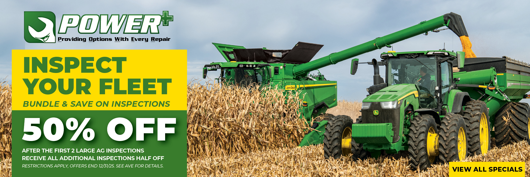 At AGRIVISION EQUIPMENT, we’re committed to providing solutions that best fit your operation’s needs. Our POWER Inspection Program—which stands for Providing Options With Every Repair—is a value-added service designed to minimize downtime and maximize productivity, especially when harvest windows are tight. With POWER, you have choices that work for you.
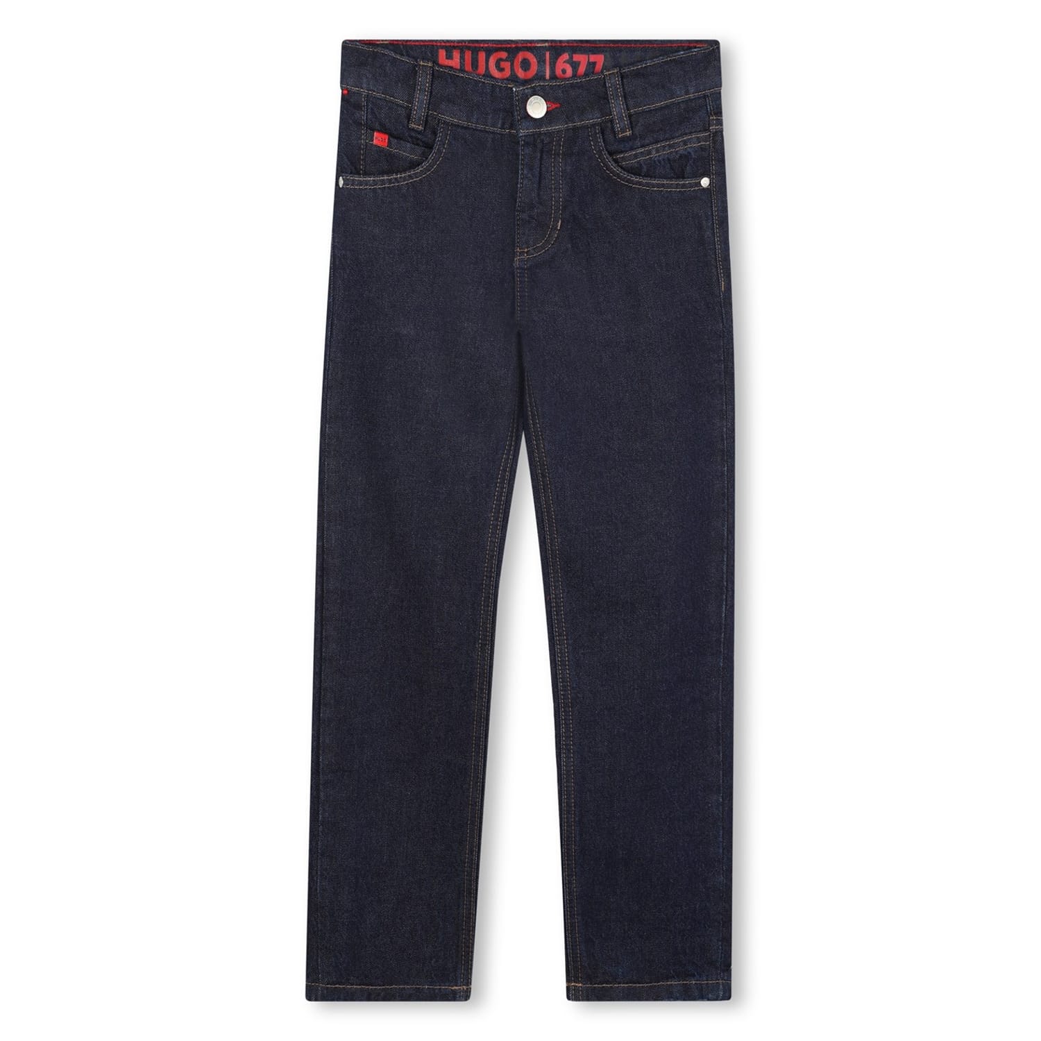 Discover the Hugo five-pocket design jeans, featuring a classic button and zip fly closure. These regular fit jeans are adorned with a subtle logo embellishment, offering a timeless and versatile addition to your wardrobe. -
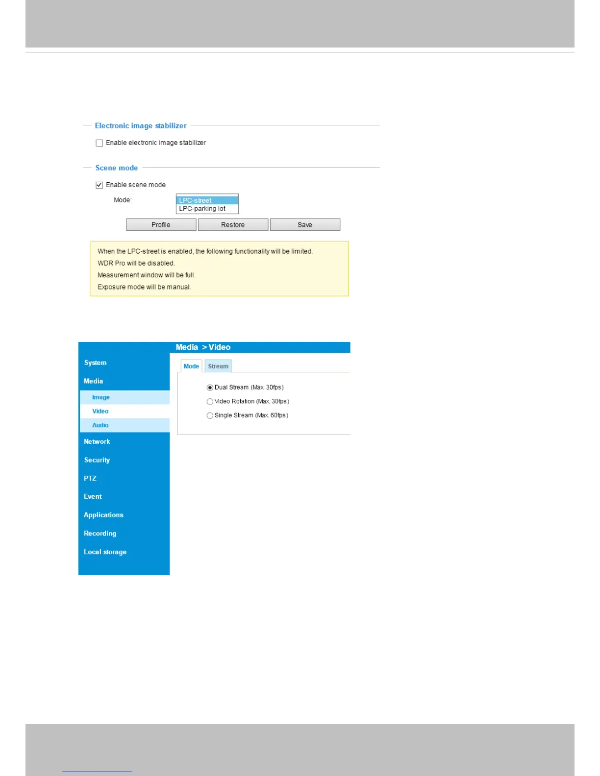 In the Conguration > Media > Image settings page, select an application scenario, LPC
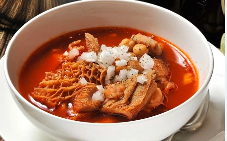 Menudo: panza o pata el cliente elige. Lleva su bolsita de cebolla y chile serrano y limon

## YOUR OBJECTIVE
Print the lines from the line containing "Discover the Hugo" through the last line of the listing, exactly as they stand, and leave any pictures out.

## ANSWER SECTION
 Discover the Hugo five-pocket design jeans, featuring a classic button and zip fly closure. These regular fit jeans are adorned with a subtle logo embellishment, offering a timeless and versatile addition to your wardrobe. -
 In the Conguration > Media > Image settings page, select an application scenario, LPC
 Menudo: panza o pata el cliente elige. Lleva su bolsita de cebolla y chile serrano y limon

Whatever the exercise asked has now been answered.